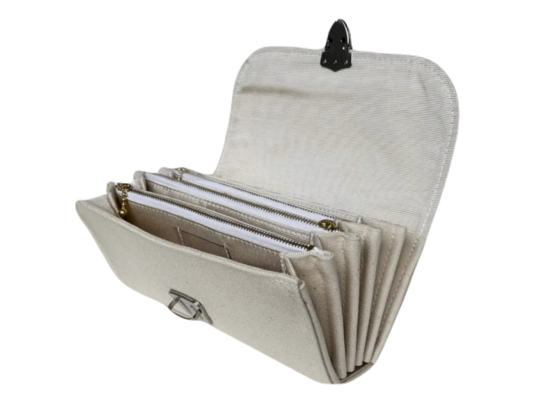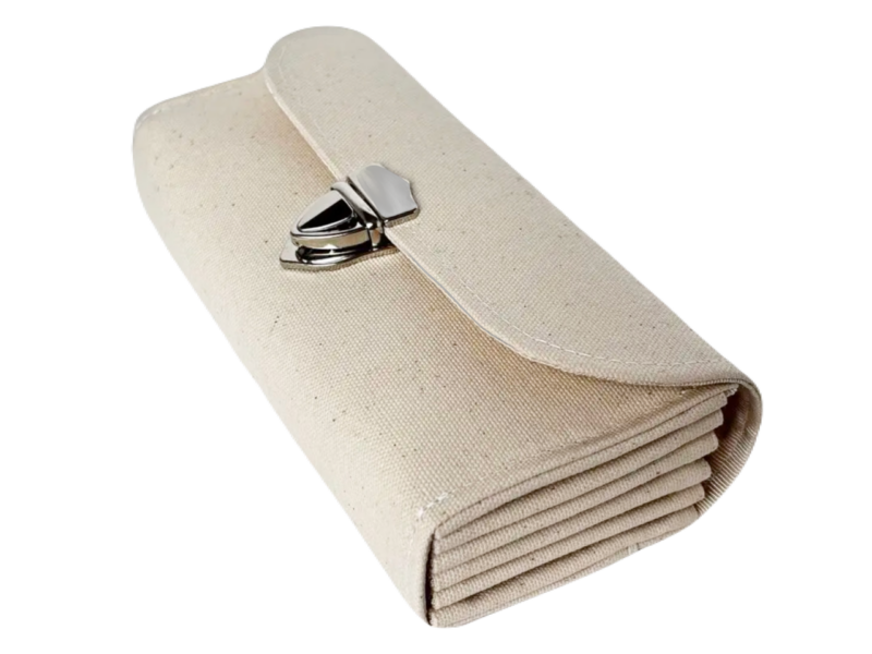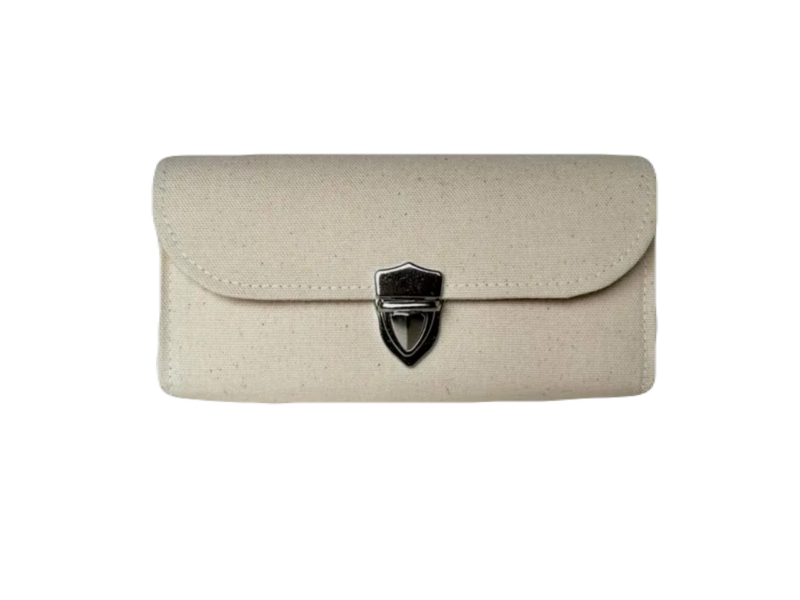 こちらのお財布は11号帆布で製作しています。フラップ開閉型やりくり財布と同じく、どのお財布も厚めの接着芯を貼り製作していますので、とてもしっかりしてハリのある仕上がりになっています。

* * *

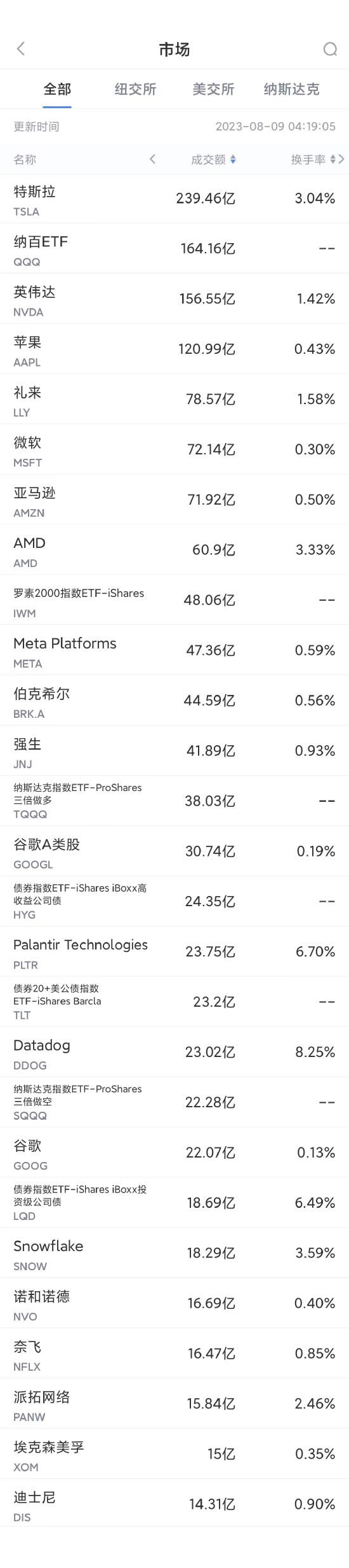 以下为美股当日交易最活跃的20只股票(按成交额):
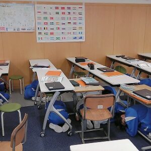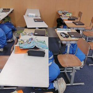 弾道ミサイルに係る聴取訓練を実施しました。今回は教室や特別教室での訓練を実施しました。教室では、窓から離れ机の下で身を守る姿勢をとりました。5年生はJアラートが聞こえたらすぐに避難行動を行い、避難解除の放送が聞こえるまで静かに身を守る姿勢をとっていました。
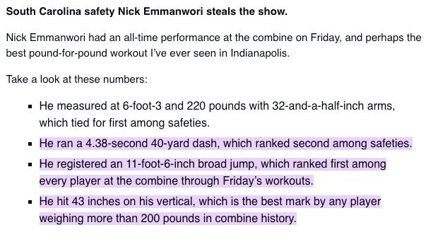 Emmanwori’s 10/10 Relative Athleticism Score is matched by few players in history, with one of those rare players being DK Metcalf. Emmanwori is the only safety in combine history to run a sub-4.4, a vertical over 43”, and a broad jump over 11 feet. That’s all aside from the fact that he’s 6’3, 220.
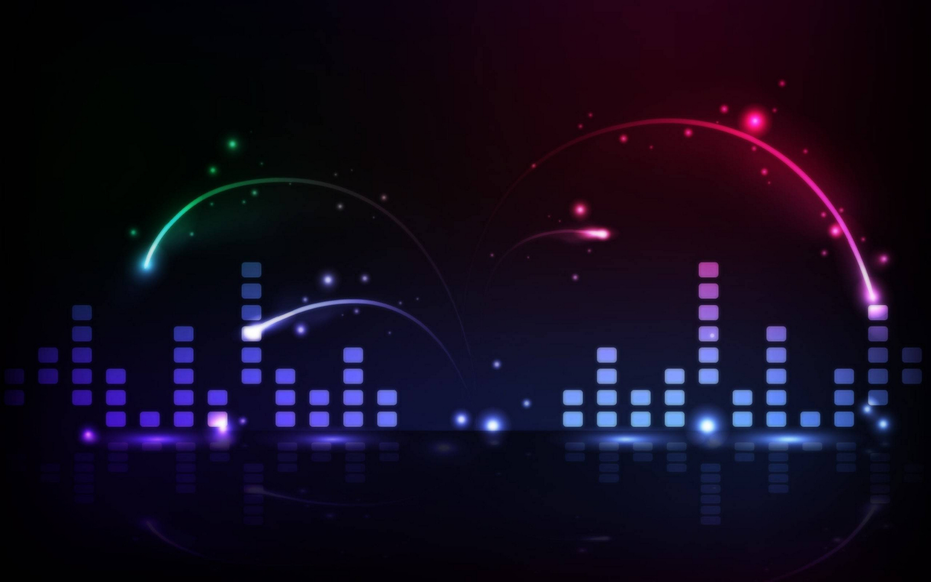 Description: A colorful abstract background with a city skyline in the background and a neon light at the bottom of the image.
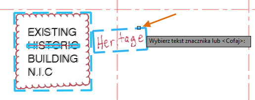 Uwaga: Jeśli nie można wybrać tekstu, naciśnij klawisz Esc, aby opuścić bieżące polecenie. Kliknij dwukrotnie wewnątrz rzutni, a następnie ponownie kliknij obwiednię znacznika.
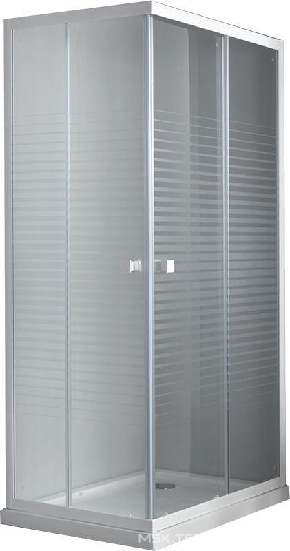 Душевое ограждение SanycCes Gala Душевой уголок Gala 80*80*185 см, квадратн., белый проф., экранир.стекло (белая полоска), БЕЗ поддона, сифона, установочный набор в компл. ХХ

==

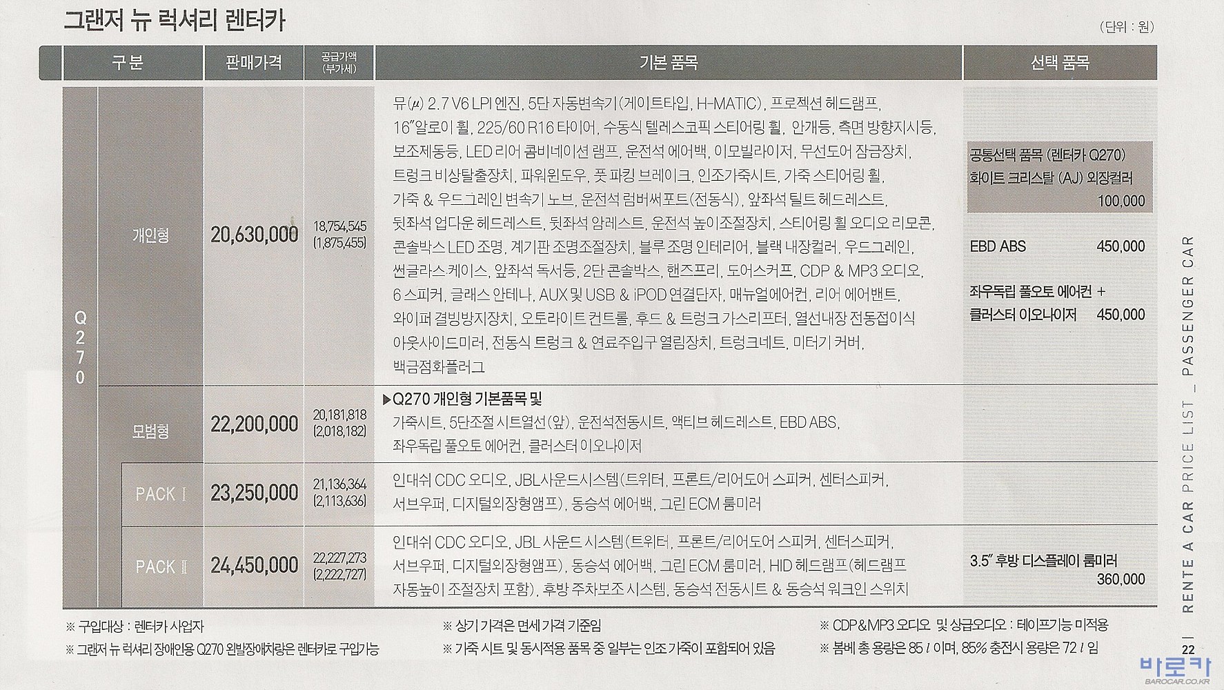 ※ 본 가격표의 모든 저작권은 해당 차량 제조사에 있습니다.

→ Task directions
An exact copy is needed of the entries above, starting at the line that holds "Uwaga: Jeśli nie" and stopping at the line that holds "Душевое ограждение SanycCes", both kept; pictures stay out.

→ Reply to the task
 Uwaga: Jeśli nie można wybrać tekstu, naciśnij klawisz Esc, aby opuścić bieżące polecenie. Kliknij dwukrotnie wewnątrz rzutni, a następnie ponownie kliknij obwiednię znacznika.
 Душевое ограждение SanycCes Gala Душевой уголок Gala 80*80*185 см, квадратн., белый проф., экранир.стекло (белая полоска), БЕЗ поддона, сифона, установочный набор в компл. ХХ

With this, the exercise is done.